Article Text
Abstract
Background The National Institute for Health and Care Excellence (NICE) guidelines in 2016 recommend tuberculin skin test (TST) at a 5 mm induration size cut-off for latent tuberculosis infection (LTBI) screening of adult close contacts of active tuberculosis (TB) cases. An alternative would be to use an interferon-gamma release assay (IGRA) which has a higher specificity, such as the QuantiFERON-TB Gold in Tube (QFT-GIT) or T-SPOT.TB (T-SPOT). We aimed to evaluate the cost-effectiveness of the screening and treatment of LTBI in adult close contacts with various combinations of these tests in a representative London cohort.

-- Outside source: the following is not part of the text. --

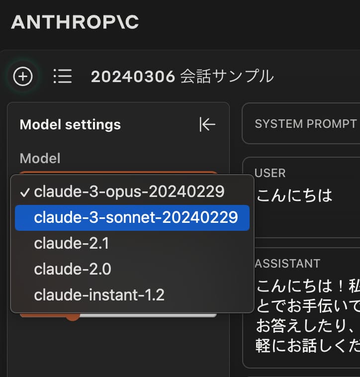 記事執筆時点では、Claude 3のOpus, Sonnetをはじめ、Claude 2.1などの旧モデルも利用することができるようになっている。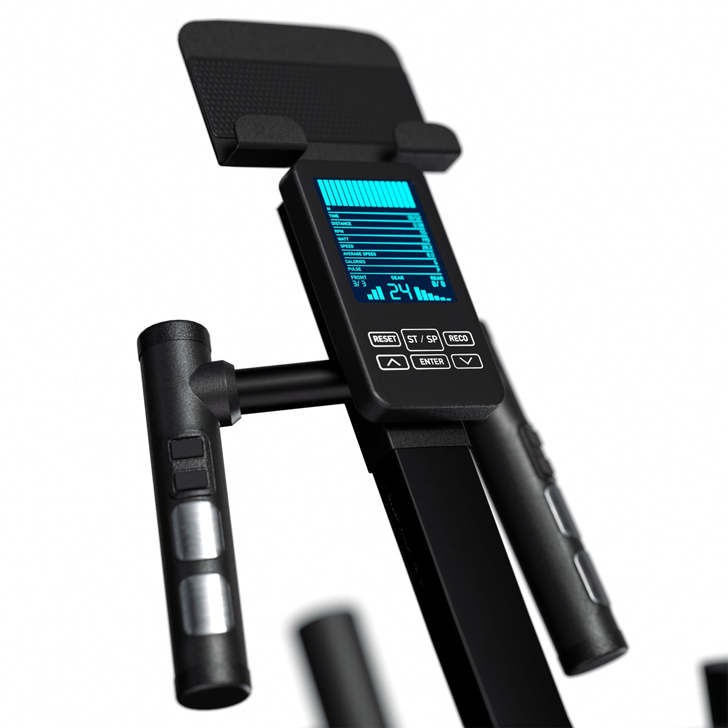 Su pantalla inteligente te brinda en tiempo real datos esenciales como velocidad, tiempo, distancia y calorías quemadas, para que puedas monitorear tu progreso con precisión. Además, su avanzada resistencia magnética con 24 niveles de intensidad te permite ajustar el esfuerzo a tu nivel, desde sesiones suaves hasta entrenamientos de máxima exigencia.

Methods Clinical data of adult close contacts of pulmonary TB cases who were recommended to receive TST and IGRA in a TB clinic in London between 2008 and 2010 were retrospectively reviewed. A Markov decision analytic model, using an NHS perspective and lifetime horizon, was used to compare costs and quality-adjusted life-years (QALYs) associated with 7 screening strategies followed by chemoprophylaxis: TST alone, IGRA (QFT-GIT or T-SPOT) alone, TST positive followed by IGRA, and TST negative followed by IGRA. Future costs and QALYs were discounted at 3.5% per year.

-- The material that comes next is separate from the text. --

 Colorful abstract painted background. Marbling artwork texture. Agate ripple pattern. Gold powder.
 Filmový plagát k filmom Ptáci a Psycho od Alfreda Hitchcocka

Results 381 asymptomatic close contacts aged 18 to 65 years were included in this study. The mean age was 35.2 years and the majority (75.3%) were BCG vaccinated. In the base-case analysis, QFT-GIT was the most cost-effective strategy with £6876 per QALY gained, compared to TST positive followed by QFT-GIT strategy. QFT-GIT alone averted 1.6 TB cases per 1000 contacts compared to TST positive followed by QFT-GIT.
Conclusion Of the considered testing strategies, the QFT-GIT alone is preferable for LTBI screening in adult close contacts of pulmonary TB cases in London.